Антошка взглянула на мать, готовая отразить ее упреки, но
Елизавета Карповна подтвердила:
- Господин Графстрем напрасно надеется на победу Гитлера. Моя
дочь права...
И через неделю Антошка с мамой переехали на новую квартиру в
большом доме, где жило много иностранцев.
Антошке понравилось новое обиталище. Это была почти игрушечная
квартира. В комнате помещались диван-кровать, кресло-кровать, стол и
несколько стульев. Продолговатая кухня разделялась раздвижной
стеклянной перегородкой: в одной части плита, раковина для мытья
посуды и стенной шкаф, за перегородкой стол и четыре стула - эта часть
заменяла им столовую, или, по-шведски, "матрум". В передней большой
стенной шкаф и напротив маленькая душевая комната. Два окна квартиры
выходили во двор.
Мама теперь работает с утра до ночи: утром в школе, затем она
отправляется на практику в клинику, а вечером - в пресс-бюро. Антошка
ведет все домашнее хозяйство и заведует продовольственными карточками.
Карточек много, они похожи на крохотные почтовые марки, и их легко
потерять. Хлеба выдают двести граммов в день на человека, мяса -
четыреста граммов в месяц и на каждое яйцо отдельная карточка,
карточки надо беречь, продукты экономить и умудряться каждый день
готовить завтрак, обед и ужин.
Продавщицы в магазинах уже не те. Когда продавали без карточек,
все были ласковые и очень вежливые, а сейчас уговаривать покупателя не
надо: каждый выкупит все продукты по карточкам. И продавщицы перестали
улыбаться. А может быть, не улыбаются потому, что боятся войны? Все в
Швеции сейчас боятся войны.

    МАЛЬЧИК С ЗАКОЛКОЙ



Сегодня на обед запеканка из картошки с рыбой и кисель из ревеня.

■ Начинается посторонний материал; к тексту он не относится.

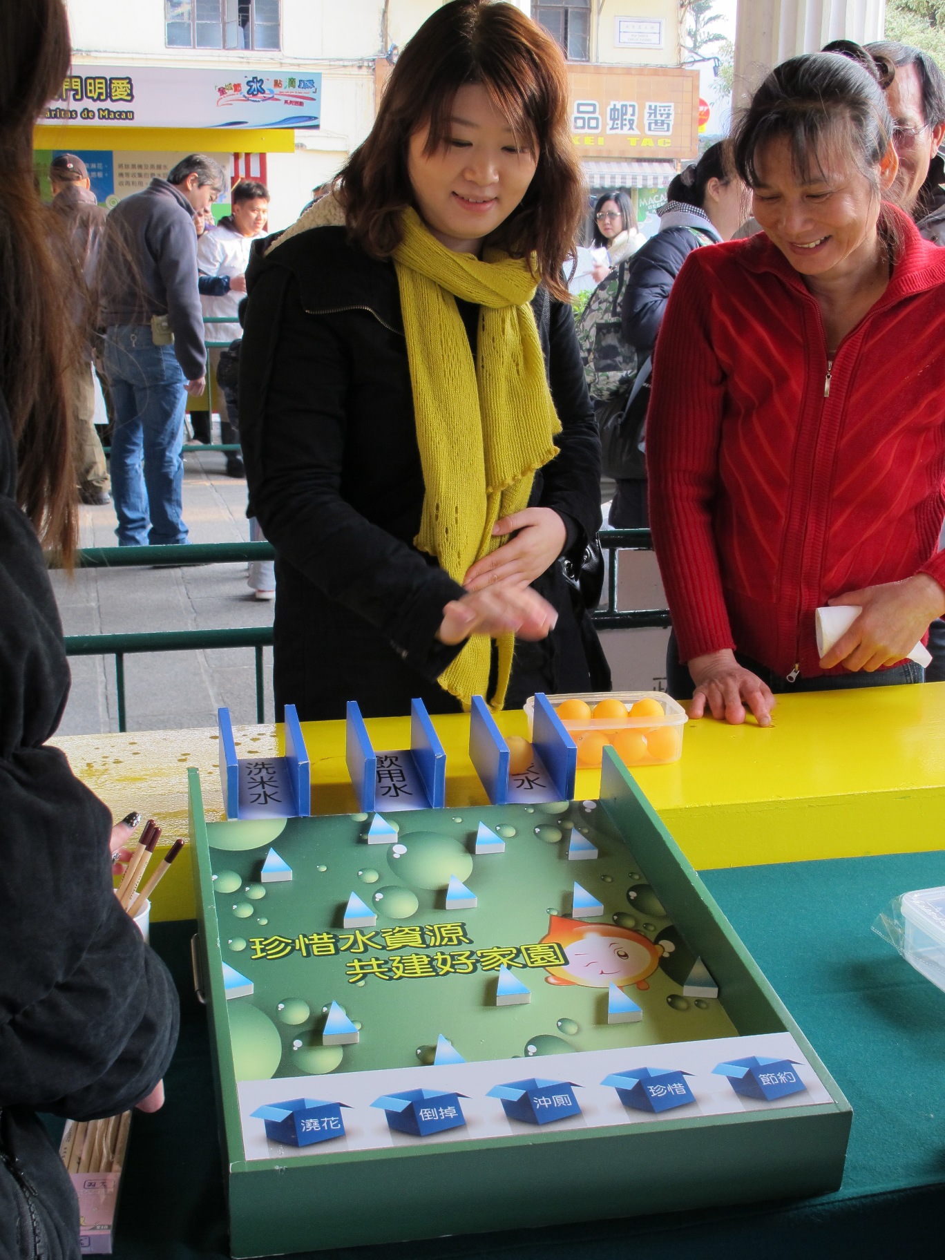 今日下午二時半至五時,小組在氹仔嘉模墟設置多個以節水為主題的攤位遊戲,參加遊戲的市民獲贈由小組送出的節水器具及精美紀念品;現場亦有專人示範和播放宣傳短片,教導市民認識節水器具的安裝方法及其節水效能,以推廣節水器具的使用,同場亦展出了水資源現況及節水方法等展板。

Кисель кислый-прекислый, но мама сказала, чтобы Антошка не вздумала
роскошествовать, иначе вторую половину месяца будут сидеть без сахара.

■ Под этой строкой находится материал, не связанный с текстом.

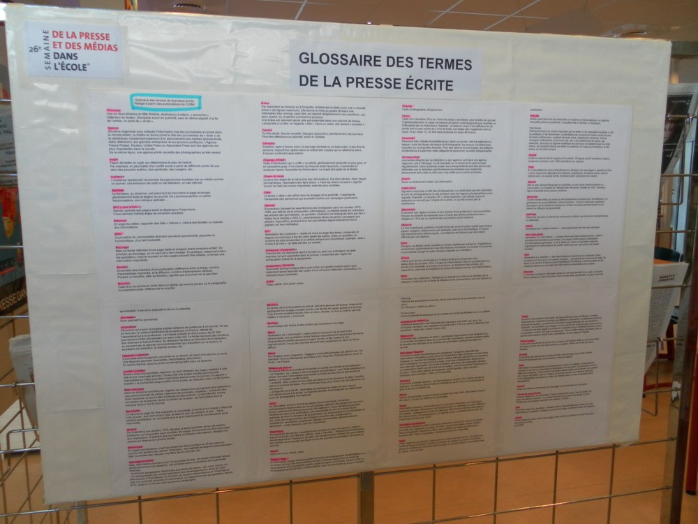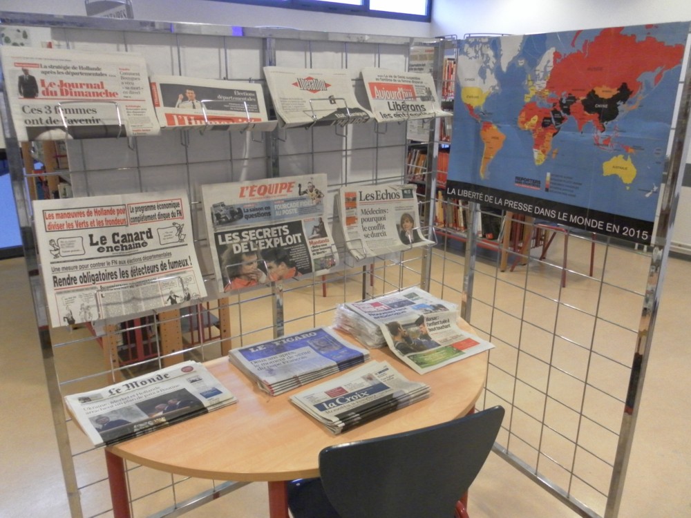 A cette occasion, le CDI recevra à partir du 17 mars un cartable de 33 périodiques (journaux et magazines) qui seront consultables par les élèves et dont les enseignants pourront se servir pour organiser des séquences pédagogiques.

Антошка приготовила обед, выключила газ, разлила прозрачный, с
зелеными и розовыми прожилками кисель в мисочки, протерла мокрой
шваброй линолеум на кухне.
Все дела сделаны. Читать? Нет, не хочется. Вот если бы
погулять...
Она подошла к окну и выглянула во двор.
Освещенный солнцем большой квадратный двор жил своей жизнью. С
трех сторон высятся жилые корпуса с многочисленными балконами,
затянутыми полосатыми яркими тентами, за аркой - заросли тополей и
лип, сбегающих от двора вниз по откосу, к железной дороге, по которой
день и ночь проносятся поезда. Деревья стоят еще совсем прозрачные,
покрытые, как росой, яркими блестящими почками.

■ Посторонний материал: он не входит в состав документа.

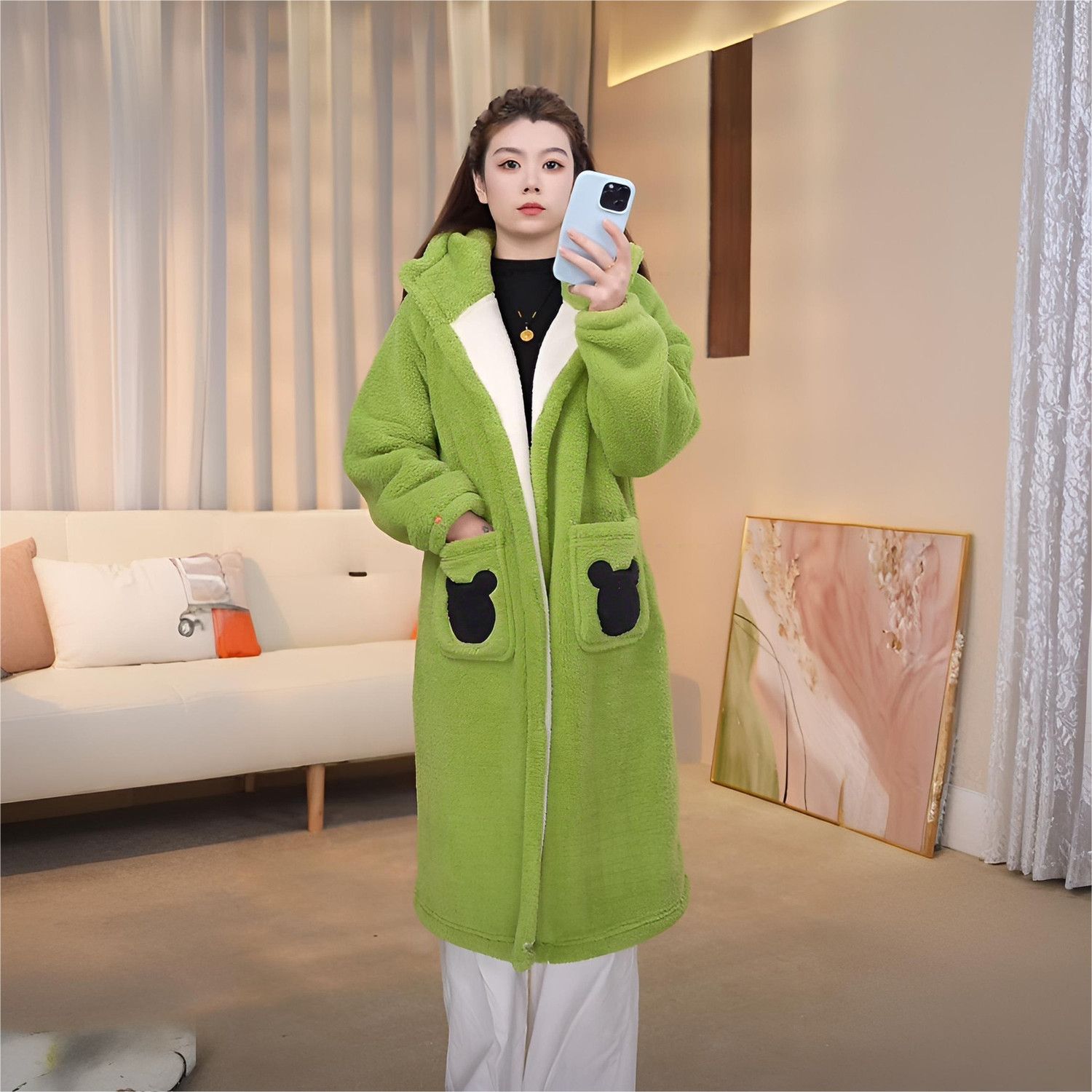 2025年新款冬季保暖家居服套装女士睡衣情侣休闲加厚毛绒连帽

Если ветер дует в сторону дома, то густой серый дым от паровозов
просачивается сквозь ветви деревьев и заполняет двор. Тогда обитатели
дома захлопывают окна и форточки, чтобы в квартиры не набивался
сладковатый угарный газ.
В теневой стороне двора на зеленых скамеечках под липами сидят
старики и старушки, в большой песочнице под весенним солнцем возятся
малыши, похожие в своих разноцветных комбинезончиках на маленьких
гномов. На асфальтированных дорожках одни девочки прыгают через
веревочки, другие - играют в "классы".
Но внимание Антошки занимает один мальчишка. Он каждый день
приходит ровно в три часа и, оседлав скамейку, строгает, клеит, что-то
прилаживает. Вот он сидит и, прищурив глаз, на вытянутой руке
проверяет рогатку. Вот он смахнул в ладонь стружки со скамейки и
осторожно, как драгоценность, ссыпал их в бумажный кулек. Вокруг ни
сориночки. Антошка покосилась на часы. Через пятнадцать минут, ровно в
четыре, он вытащит из кармана бумажный сверток и будет есть бутерброд.
Бумажку от бутерброда аккуратно свернет и сунет в карман. Увлеченный
работой, мальчик никогда не пропускает время полдника и никогда не
забывает привстать и поклониться, если мимо проходит взрослый.
Кланялся он смешно, стукаясь подбородком в грудь, и тогда его
рыжеватый вихор, прихваченный заколкой, становился на голове дыбом,
как пучок соломы.
"Вежливый мальчишка, такой девчонку не обидит. И какой трудяга!"
- думает Антошка.
Недалеко от мальчишки сидят две девочки, и обе с увлечением
играют в куклы. Они целый день не закрывают рта, но ни разу не
улыбнутся. Видно, говорят о чем-то скучном.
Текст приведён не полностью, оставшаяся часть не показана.